Niedawno przeniosłam się na Maltę. Pomysł ten pojawił się nagle i niespodziewanie, decyzja została podjęta szybko, odpowiednie działania wyegzekwowane natychmiast. Jestem na Malcie, mieszkam w Valletcie, czyli w stolicy.

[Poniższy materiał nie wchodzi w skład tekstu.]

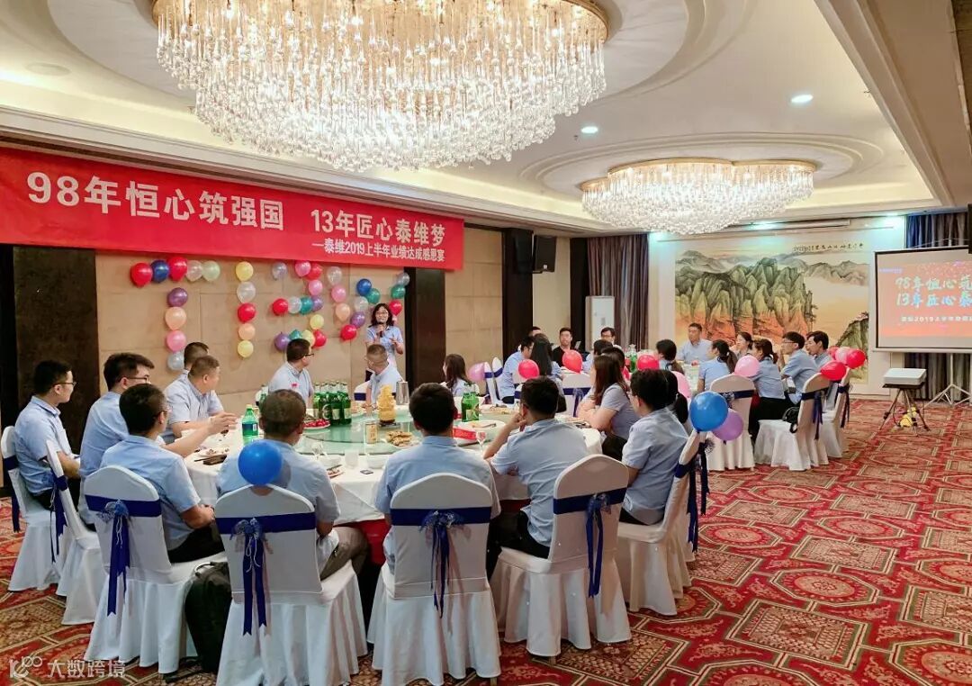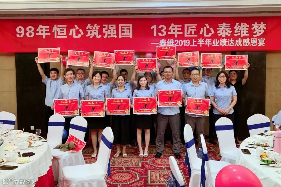98年恒心筑强国 ,13年匠心泰维梦。2019年7月1日,在全国上下欢庆党的生日美好日子里,奋勇无前的泰维人迎来了2019年上半年业绩达成感恩宴。

Valletta to jedna z najmniejszych stolic europejskich, mniejsze od niej są tylko Vaduz (stolica Liechtensteinu), San Marino, Monako i Watykan. Całą Maltę zamieszkuje prawie pół miliona ludzi, w Valletcie jest ich zaledwie sześć i pół tysiąca. Zdziwiła mnie ta statystyka, spodziewałam się znacznie większego skupiska ludzi. Valletta to gęsta krzyżówka prostopadłych ulic, szerokość całego miasta to ok. 600m, długość to nieco ponad kilometr. Stało się tak, że tu właśnie zamieszkałam, mogłam więc zapoznać się z tym miastem. Mieszkając na terenie miasta do każdego punktu można dojść w max. pół godziny, a wtedy trzeba się już naprawdę wlec i iść okrężną drogą. Zwiedzenie całej Valletty i odkrycie wszystkich jej sekretów trwa jakieś dwa dni (wliczając spędzenie jednego na fantastycznych skałkach nad morzem). Stolica Malty skrywa w sobie na przykład knajpę z belgijskimi browarami (z czego bardzo się ucieszyłam). Valletta to kościoły, katedry, turyści. Jeżeli nie jesteś fanem żadnego z powyższych, to nie masz tu nic szczególnego do zobaczenia. Mimo tego miasto od razu mi się spodobało. Plan regularnych kwadratów i prostych ulic umożliwia łatwe odnalezienie się, architektura jest przeurocza, wybrzeże piękne, ludzie sympatyczni. Turyści skupiają się na dwóch głównych ulicach, które prowadzą z jednego końca miasta do drugiego, czyli od morza do pętli autobusowej łączącej stolicę z resztą wyspy. Woda otacza Vallettę aż z trzech stron, w niektórych miejscach można zejść na skaliste wybrzeże. Jest tam przecudownie, spędzam tam czas czując się jak na wakacjach i dziwiąc się, jak to możliwe, że mieszkam w takim miejscu.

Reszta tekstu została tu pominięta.